The Russian Ministry of Finance has introduced a bill to regulate the tobacco industry under state supervision.


This document has been generated through artificial intelligence translation and is provided solely for the purposes of industry discourse and learning. Please note that the intellectual property rights of the content belong to the original media source or author. Owing to certain limitations in the translation process, there may be discrepancies between the translated text and the original content. We recommend referring to the original source for complete accuracy. In case of any inaccuracies, we invite you to reach out to us with corrections. If you believe any content has infringed upon your rights, please contact us immediately for its removal.

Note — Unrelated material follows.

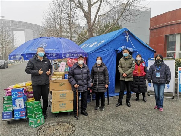 一大早,上地西里居民范例先生就从车上搬运酸奶、啤酒、纸巾、大米等慰问品。范先生说,这都是他从超市采购的,并送到社区值守的门口,想当面送给社区工作人员。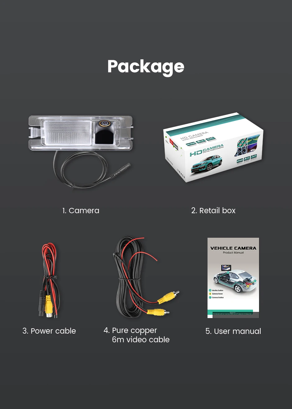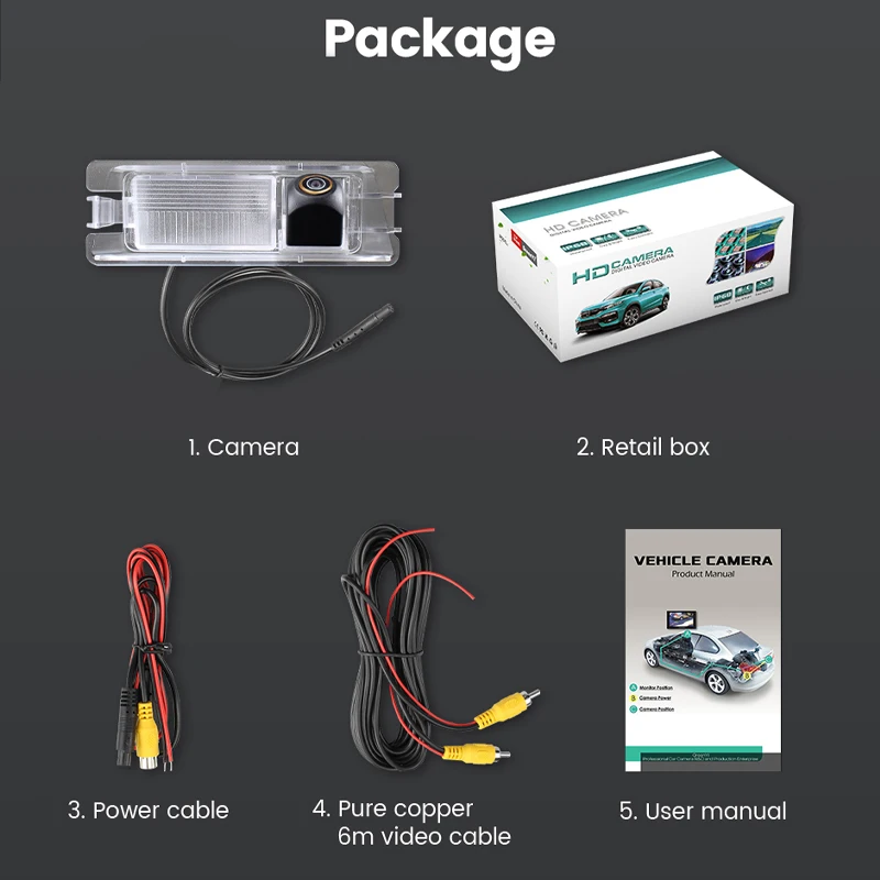 1. Камера заднего вида2. Розничная коробка3. Кабель питания4. Чистый медный 6 м видео кабель5. Руководство пользователя

KT&G Approves Plan to Establish Guatemala Branch as First Local Base in Central and South America
KT&G Approves Plan to Establish Guatemala Branch as First Local Base in Central and South America
KT&G has approved a plan to establish a branch in Guatemala, which will serve as its first local base in Central and South America. The company is currently preparing office space, staffing, and operating systems. KT&G said the branch is intended to secure a regional distribution base and will focus on local channel management and new sales channel expansion. Meanwhile, overseas cigarette revenue in 2025 exceeded the domestic share for the first time.
Mar.09 by 2FIRSTS.ai
Altria Announces Nationwide Retail Expansion of on! PLUS Nicotine Pouches
Altria Announces Nationwide Retail Expansion of on! PLUS Nicotine Pouches
Altria Group, Inc. announced the nationwide retail expansion of on! PLUS nicotine pouches, a product manufactured by Helix Innovations LLC, an Altria operating company. The product had already been available through e-commerce and participating retailers in North Carolina, Florida and Texas, began wholesale deliveries on March 16, 2026, and is expected to reach participating retailers nationwide starting March 23, 2026.
Mar.24 by 2FIRSTS.ai
BAT AGM Highlights Smokeless Strategy, AI Capability and Regulatory Engagement
BAT AGM Highlights Smokeless Strategy, AI Capability and Regulatory Engagement
BAT Chair Luc Jobin told shareholders at the company’s 2026 Annual General Meeting that BAT delivered on its plans in 2025 despite a challenging external environment, with the U.S. business returning to growth, smokeless consumers increasing by more than 15%, improved New Categories contribution, and GBP 6.3 billion returned to shareholders.
Apr.16 by 2FIRSTS.ai
STG UK refreshes XQS nicotine pouch packaging: new flavour indicators, hitting retail from March
STG UK refreshes XQS nicotine pouch packaging: new flavour indicators, hitting retail from March
Scandinavian Tobacco Group UK (STG UK) has announced a rebrand across its XQS nicotine pouch range. The updated packaging will be visible at retail from March, with the recommended retail price remaining £5.50. The new packs feature a bolder logo and glossy textures, retain nicotine strength indicators, and add a side flavour profile indicator to show the flavour type.
Feb.28 by 2FIRSTS.ai
Fontem Drops Texas Lawsuit and Plans to Refile in D.C. Over FDA Handling of Zone Application
Fontem Drops Texas Lawsuit and Plans to Refile in D.C. Over FDA Handling of Zone Application
Fontem US, the maker and seller of Zone nicotine pouches, has voluntarily dismissed its lawsuit against the U.S. Food and Drug Administration, which it had accused of unfairly delaying its market application.
Mar.25 by 2FIRSTS.ai
Special Report | Breeze and Glas Seek White House Review as FDA Advances Flavored ENDS Guidance
Special Report | Breeze and Glas Seek White House Review as FDA Advances Flavored ENDS Guidance
Breeze Smoke and Glas, Inc. have separately requested White House review under Executive Order 12866 as the FDA advances draft guidance on flavored ENDS (RIN 0910-ZC78). The guidance aims to clarify evidentiary standards under the statutory “appropriate for the protection of public health” (APPH) framework. The parallel filings highlight industry concern over regulatory predictability, particularly as Glas’s PMTA review status has recently drawn market attention.